For the world's poorest though, the figures stack up more viciously. Typically, in a low-income country in Asia or Africa, food will comprise 50 per cent of family budgets, and food prices are a matter of life or death, or at least malnutrition. In those places, the staples people rely on are much closer to nature – a bowl of maize porridge against a Goodfella's deep-pan stuffed-crust chicken Provencal pizza, say. When maize is up 27 per cent in Kenya, rice 29 per cent in Bangladesh, mutton 36 per cent in Azerbaijan, for many it means going without.
There are a billion undernourished people on our planet, and their numbers are rising at a rate of 68 people per minute. Some 44 million people have been pushed into poverty because of the rise in food prices since last summer. The pressure on the world's poorest is fuelling political turmoil in the Middle East and Africa, and that in turn is disrupting production, as with cocoa from Ivory Coast, of a third of world supplies.

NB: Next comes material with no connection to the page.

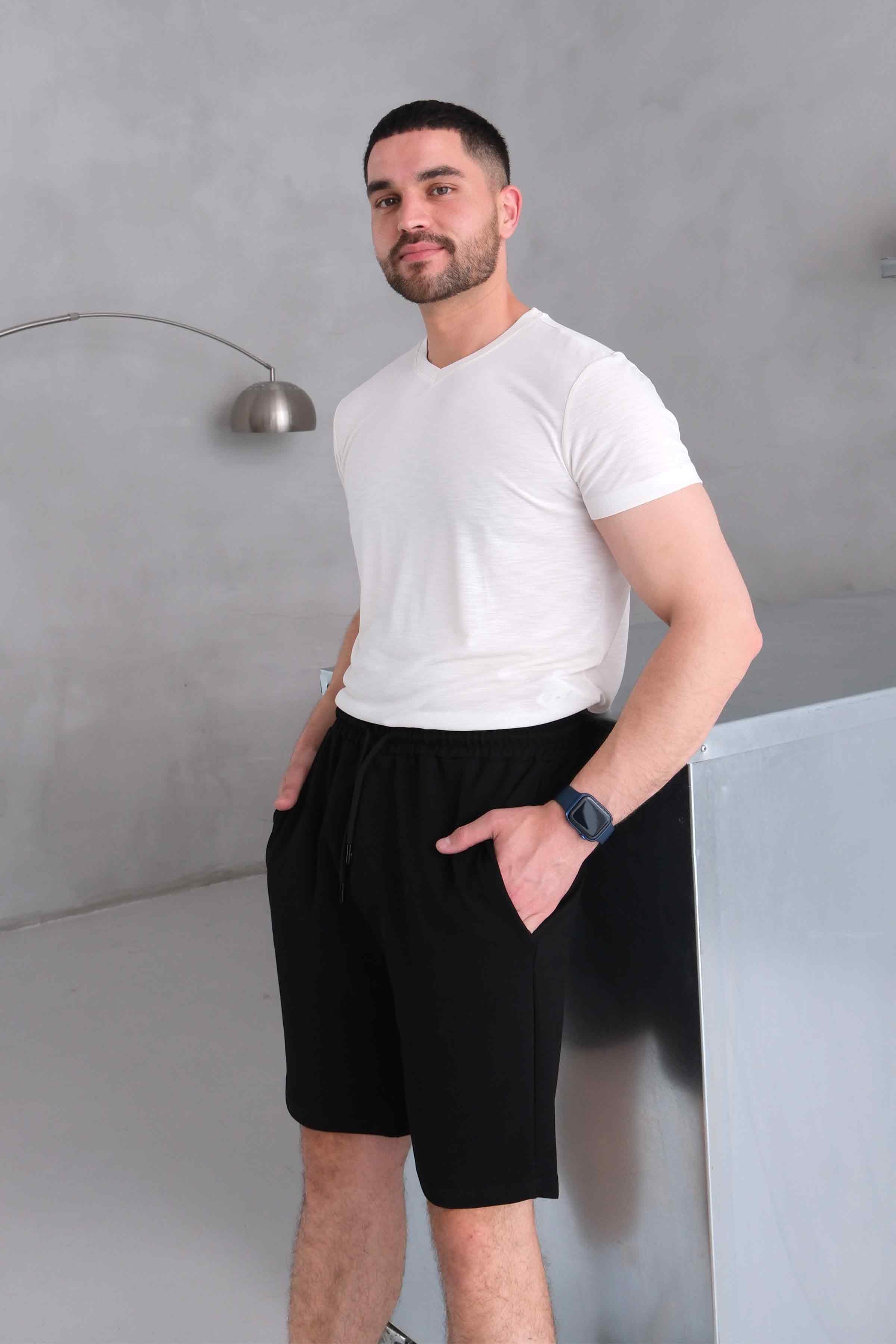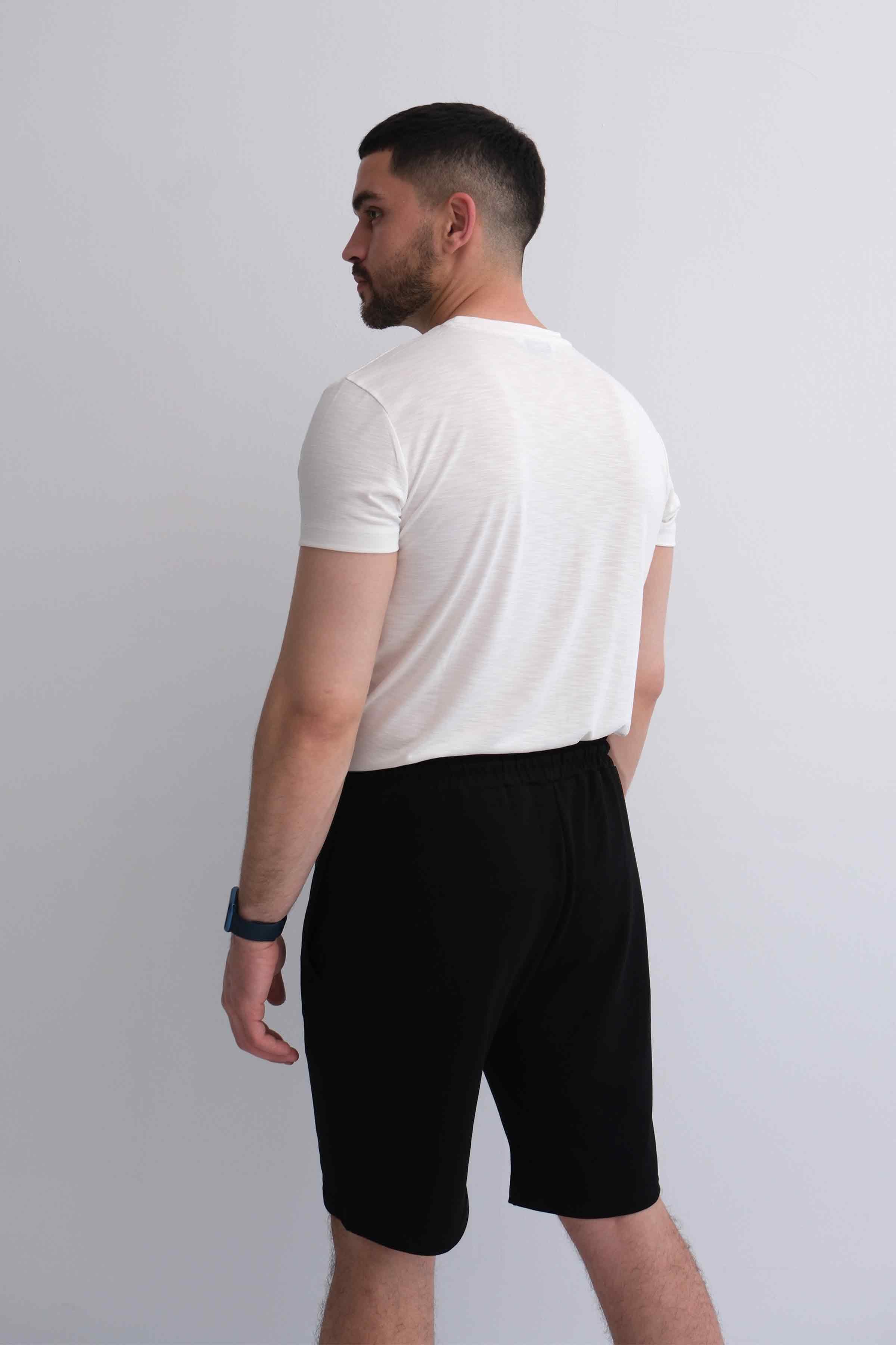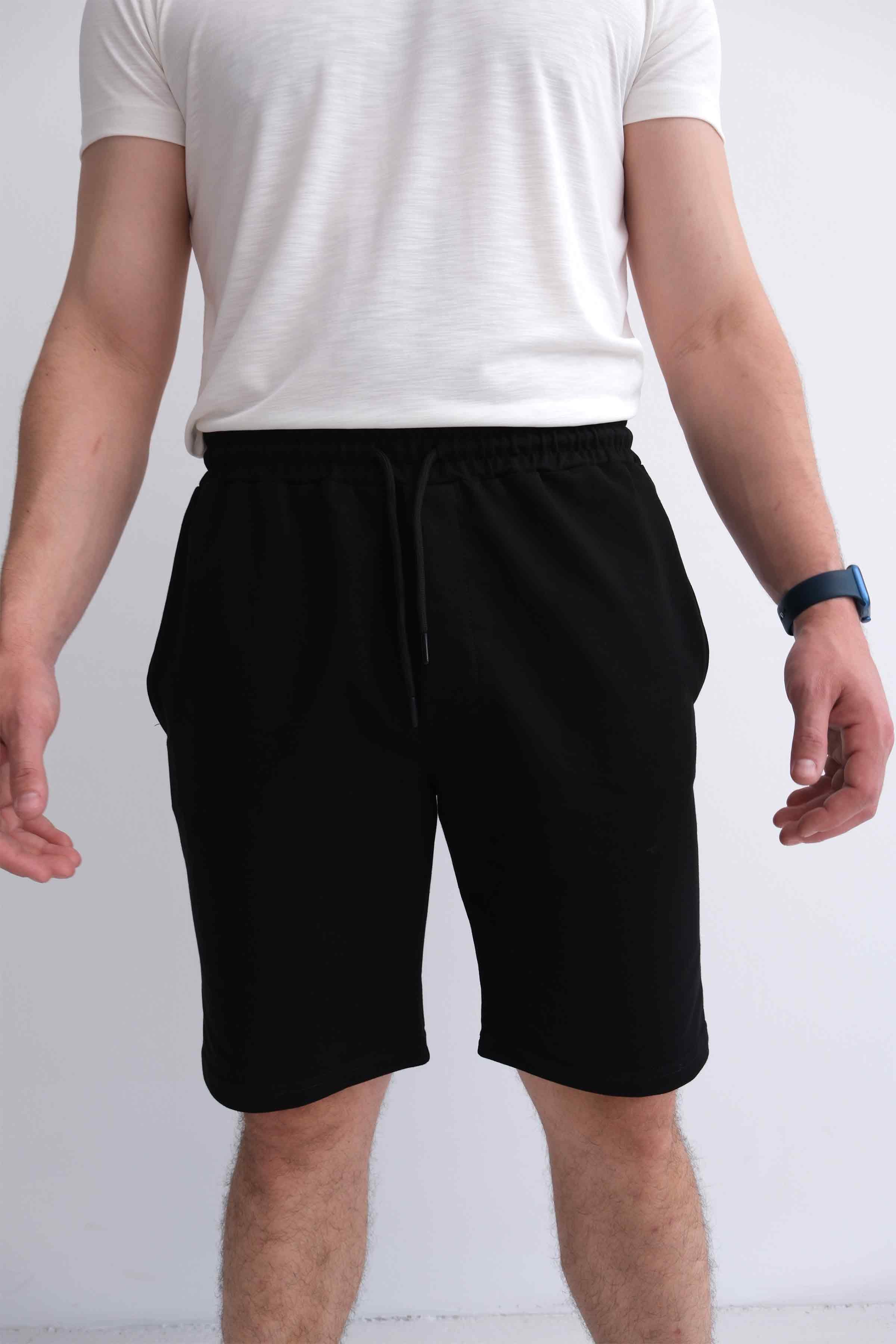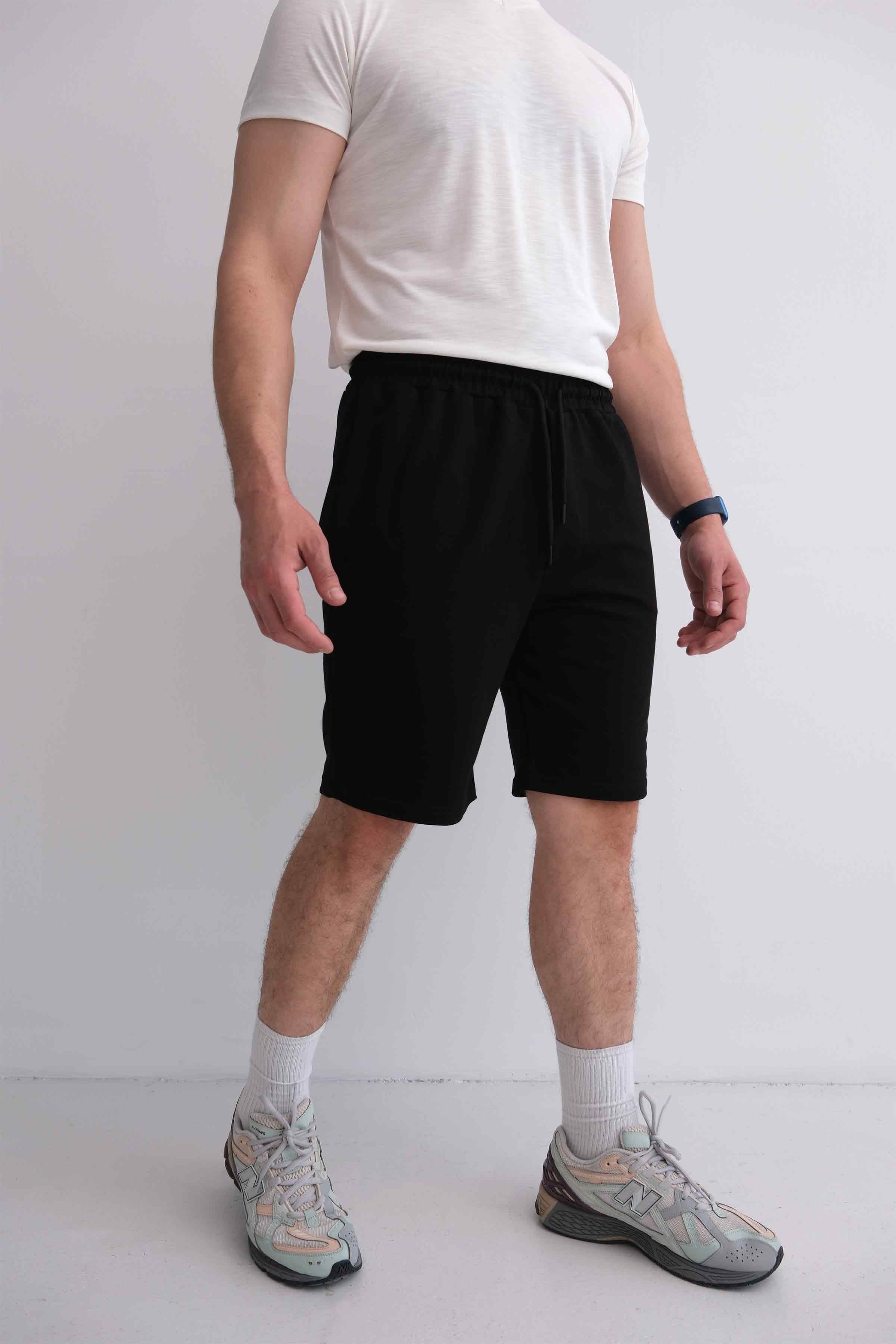 Men’s Elastic Waist Cotton Shorts with Patch Pockets - Black (Y-25-7741)

Who's to blame? The usual charge is that giant commodity trading companies such as Glencore, now blinking into the light as a publicly quoted company, have been abusing their power. The fact that the directors may receive around £100m each from the firm's £10bn flotation, and that the boss there is worth £6bn, doesn't help the firm's image. Expect Glencore to be one of the anti-capitalist movement's targets of choice.
And yet is food speculation really bad? We did not, for example, thank the traders for cutting the cost of food and other commodities in 2009. The best objective evidence – backed by the World Bank and the UN Food and Agriculture Organisation – is that they merely exaggerate existing trends, adding to volatility. Remember that speculators are just as adept at making money from falling prices as from ramping them up.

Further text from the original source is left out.